- Alstroemeria amazonica: Preserved specimen of Alstroemeria amazonica, inclusing dried flowers and stems

Scientific classification
- Kingdom: Plantae
- Clade: Embryophytes
- Clade: Tracheophytes
- Clade: Spermatophytes
- Clade: Angiosperms
- Clade: Monocots
- Order: Liliales
- Family: Alstroemeriaceae
- Genus: Alstroemeria
- Species: A. amazonica
- Binomial name: Alstroemeria amazonica Ducke

= Alstroemeria amazonica =

- Genus: Alstroemeria
- Species: amazonica
- Authority: Ducke

Species of flowering plant

Alstroemeria amazonica is a species of flowering plant in the family Alstroemeriaceae. It is native to Brazil and Venezuela, and was described in 1915.

Alstroemeria amazonica has bell-shaped, red and green flowers. The fruits are capsules.

==Taxonomy==
The species was described by Adolpho Ducke in 1915.

==Distribution==
Alstroemeria amazonica is native to Pará, Brazil, and Bolívar, Venezuela. It grows on or around rocks, and in tropical rainforests.

==Description==
Alstroemeria amazonica is tuberous, and has underground storage organs.

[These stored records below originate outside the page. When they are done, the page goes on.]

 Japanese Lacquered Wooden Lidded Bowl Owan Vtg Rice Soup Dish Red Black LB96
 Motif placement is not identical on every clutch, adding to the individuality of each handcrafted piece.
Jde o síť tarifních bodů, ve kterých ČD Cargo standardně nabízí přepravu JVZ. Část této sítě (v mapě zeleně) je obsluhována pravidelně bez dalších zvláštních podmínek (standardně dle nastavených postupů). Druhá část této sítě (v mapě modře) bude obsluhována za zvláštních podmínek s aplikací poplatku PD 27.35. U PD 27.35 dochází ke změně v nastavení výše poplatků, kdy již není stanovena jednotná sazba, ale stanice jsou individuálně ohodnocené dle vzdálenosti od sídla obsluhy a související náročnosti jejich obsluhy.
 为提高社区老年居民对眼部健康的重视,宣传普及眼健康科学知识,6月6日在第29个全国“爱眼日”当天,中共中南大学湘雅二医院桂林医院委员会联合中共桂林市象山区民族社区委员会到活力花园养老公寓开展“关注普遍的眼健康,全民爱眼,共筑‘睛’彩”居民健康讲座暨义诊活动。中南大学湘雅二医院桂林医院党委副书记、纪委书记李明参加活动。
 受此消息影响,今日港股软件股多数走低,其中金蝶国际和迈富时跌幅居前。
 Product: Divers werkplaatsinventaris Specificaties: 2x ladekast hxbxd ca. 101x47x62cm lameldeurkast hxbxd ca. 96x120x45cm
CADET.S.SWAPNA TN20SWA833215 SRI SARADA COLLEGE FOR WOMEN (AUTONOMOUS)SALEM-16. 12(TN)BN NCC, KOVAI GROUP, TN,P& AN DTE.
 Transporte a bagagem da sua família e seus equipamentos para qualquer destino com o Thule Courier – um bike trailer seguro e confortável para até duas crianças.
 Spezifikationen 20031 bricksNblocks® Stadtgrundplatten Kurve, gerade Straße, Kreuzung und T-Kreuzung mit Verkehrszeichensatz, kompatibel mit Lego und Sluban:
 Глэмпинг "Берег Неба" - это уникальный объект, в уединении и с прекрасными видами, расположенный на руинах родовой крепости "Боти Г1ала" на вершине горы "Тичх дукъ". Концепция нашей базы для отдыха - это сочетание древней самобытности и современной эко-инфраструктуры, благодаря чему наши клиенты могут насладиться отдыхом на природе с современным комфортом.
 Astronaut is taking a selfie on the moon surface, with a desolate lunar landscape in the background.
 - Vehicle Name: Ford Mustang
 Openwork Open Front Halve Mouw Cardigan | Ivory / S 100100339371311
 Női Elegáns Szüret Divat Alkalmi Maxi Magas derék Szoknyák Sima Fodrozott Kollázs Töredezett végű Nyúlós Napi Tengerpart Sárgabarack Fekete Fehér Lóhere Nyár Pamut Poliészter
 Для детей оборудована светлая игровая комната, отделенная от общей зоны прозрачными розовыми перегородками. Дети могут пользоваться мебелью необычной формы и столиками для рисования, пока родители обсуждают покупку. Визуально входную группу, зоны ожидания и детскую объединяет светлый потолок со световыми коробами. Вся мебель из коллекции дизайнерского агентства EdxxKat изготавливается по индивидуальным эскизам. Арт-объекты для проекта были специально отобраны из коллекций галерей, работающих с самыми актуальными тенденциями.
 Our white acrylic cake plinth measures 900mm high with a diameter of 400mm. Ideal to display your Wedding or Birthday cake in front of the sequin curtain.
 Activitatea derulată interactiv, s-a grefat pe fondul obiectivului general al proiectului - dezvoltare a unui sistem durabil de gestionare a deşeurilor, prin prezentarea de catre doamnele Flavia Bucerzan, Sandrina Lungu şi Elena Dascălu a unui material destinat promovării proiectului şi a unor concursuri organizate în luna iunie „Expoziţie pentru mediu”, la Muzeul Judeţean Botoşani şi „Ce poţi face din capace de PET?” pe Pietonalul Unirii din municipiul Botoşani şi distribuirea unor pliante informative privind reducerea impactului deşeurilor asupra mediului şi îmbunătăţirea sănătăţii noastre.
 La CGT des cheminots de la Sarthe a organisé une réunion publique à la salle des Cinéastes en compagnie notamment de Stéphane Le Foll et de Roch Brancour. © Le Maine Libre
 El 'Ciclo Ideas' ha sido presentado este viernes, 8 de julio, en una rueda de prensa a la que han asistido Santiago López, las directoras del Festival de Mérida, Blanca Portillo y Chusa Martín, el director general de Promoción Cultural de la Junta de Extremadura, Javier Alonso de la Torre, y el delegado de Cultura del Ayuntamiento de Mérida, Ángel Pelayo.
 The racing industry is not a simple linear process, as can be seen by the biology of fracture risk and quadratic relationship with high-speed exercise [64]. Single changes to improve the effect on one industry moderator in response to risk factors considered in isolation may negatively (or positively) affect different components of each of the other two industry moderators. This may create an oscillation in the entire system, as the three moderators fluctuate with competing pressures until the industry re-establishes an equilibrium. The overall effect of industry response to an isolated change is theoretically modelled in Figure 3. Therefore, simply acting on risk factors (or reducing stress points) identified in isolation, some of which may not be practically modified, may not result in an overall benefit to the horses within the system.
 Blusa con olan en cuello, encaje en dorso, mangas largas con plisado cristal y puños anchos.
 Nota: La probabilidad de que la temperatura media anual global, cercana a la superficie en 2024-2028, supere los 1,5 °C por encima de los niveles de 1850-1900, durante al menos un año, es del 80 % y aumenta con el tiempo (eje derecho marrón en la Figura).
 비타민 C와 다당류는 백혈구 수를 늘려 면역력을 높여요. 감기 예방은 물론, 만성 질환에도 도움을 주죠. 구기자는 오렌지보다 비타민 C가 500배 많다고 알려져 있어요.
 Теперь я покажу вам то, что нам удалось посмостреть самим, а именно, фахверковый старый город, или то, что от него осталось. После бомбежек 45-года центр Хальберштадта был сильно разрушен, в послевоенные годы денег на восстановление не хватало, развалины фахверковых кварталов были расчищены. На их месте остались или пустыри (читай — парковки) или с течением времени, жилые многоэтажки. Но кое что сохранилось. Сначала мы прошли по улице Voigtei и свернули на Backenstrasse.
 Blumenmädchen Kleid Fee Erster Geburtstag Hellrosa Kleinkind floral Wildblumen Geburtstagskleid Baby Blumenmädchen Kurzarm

The inflorescence is an umbel-shaped cyme. The flowers are bell-shaped, hanging, and symmetrical. The flowers are red and green in colour. The internal tepals are marked with spots, though the external tepals are not.

The fruits are capsules, which split in a loculicidal pattern when mature. The seeds are spherical, and have small protuberances.